I meant telegraphs for across town, certainly not much further. May maybe Chi-town has those old-style pneumatic tubes, so only a few places actually physically *can* be telegraphicable.
It *really* appeals to me to have very unreliable distance communication- it underscores the isolation of winter. (I'm re-reading the Shining right now, so that's creeping into my mind.)
Re: Wendigo- if we want weird to 11, giant ravenous snow beasts worse than yeti. As I understand it, it's a Native American legend as relates to cannibalism... which sparks to me that it's the evitable danger of the Icewalking drug- too much and you're gone.
(Space Marine Mammal and Marmot can go die in a fire)
@Rich Didn't think so for this game.
I feel like making a character from the Underlake, so we'll see more of it. Confirm that I can't choose Savvyhead, Brainer, Gunlugger, or Faceless? No schtick-stepping in AW, correct?
I watched a bit of The Colony (2013 movie with Bill Paxton and Larry Fishburne) today, just to see a movie version of a snowpocalypse
The Colony lives underground, has some hydroponic gardening and a small batch of animals that they keep in cages and use to keep the colony going. Lots of great imagery for how trapped they are, how trapped and confined everything is.

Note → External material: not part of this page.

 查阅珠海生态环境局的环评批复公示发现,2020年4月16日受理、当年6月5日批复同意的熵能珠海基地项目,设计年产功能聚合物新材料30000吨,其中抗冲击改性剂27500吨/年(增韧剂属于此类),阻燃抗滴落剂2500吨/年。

Sickness is a huge HUGE threat for the group in the movie. The flu is very dangerous. This was fascinating, as if medicine was pretty much gone. I notice we don't have an Angel PC. Hrm...

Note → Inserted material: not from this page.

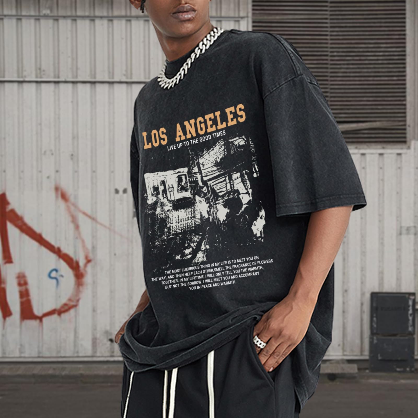 Stylish Versatility: Embrace the vintage vibe with our los angeles short sleeve shirt, designed to be fashion-forward yet classic. These baggy shirts elevate any outfit, suitable for pairing with shorts, jeans, or sweatpants

There's a bit where three characters are crossing a suspension bridge over a huge ice chasm, and the bridge is barely holding it together. Not sure if I'd use it, but some tense moments there.
I only watched the first half hour. I want to watch it again.
Straight up asking questions is my job. :P
For energy: sustainable is preferable for larger settlements, where as smaller bands can make do on more erratic, unreliable sources (it depends on timescale here, fuel-siphoning would grow less and less effective over the years); solar-winds instantly come to mind, though I like the element of risk mentioned above for generators - if not a fire, then perhaps the reverse, where the generator shuts down. Why not emphasis the threat of freezing, rather than adding the threat of burning to death?
Edit: No worries @Rich, just wanted to spark some OOC discussion with questions that were on my mind, without being too aggressive by instantly focusing on my own ideas. Wasn't intending to step on toes.
I want a Zamboni but don't want to be the Chopper.
Edit: this sort of has an industrial vibe, which gives a sense of scale. This could imply that fish are both food and barter.
But good point. Now that I'm thinking Operator, I can easily tie myself to any of the other players.
from http://www.zamboni.com/about/fun-facts/:
"In April of 2005, Road & Track magazine performed a “road test” on the Zamboni Model 500 ice resurfacing machine. They determined the machine’s top speed to be 9.7 mph and that the machine would go from 0 to ¼ mile in 93.5 seconds."
Not that there can't be a heavily modified one. What would you do with it? Or what would you want to do with it?
@Rich I like the idea of a reliable ice-travelling vehicle. It might not be an off-the-shelf Zamboni.
OR
I have no idea what those are, but I want two of them.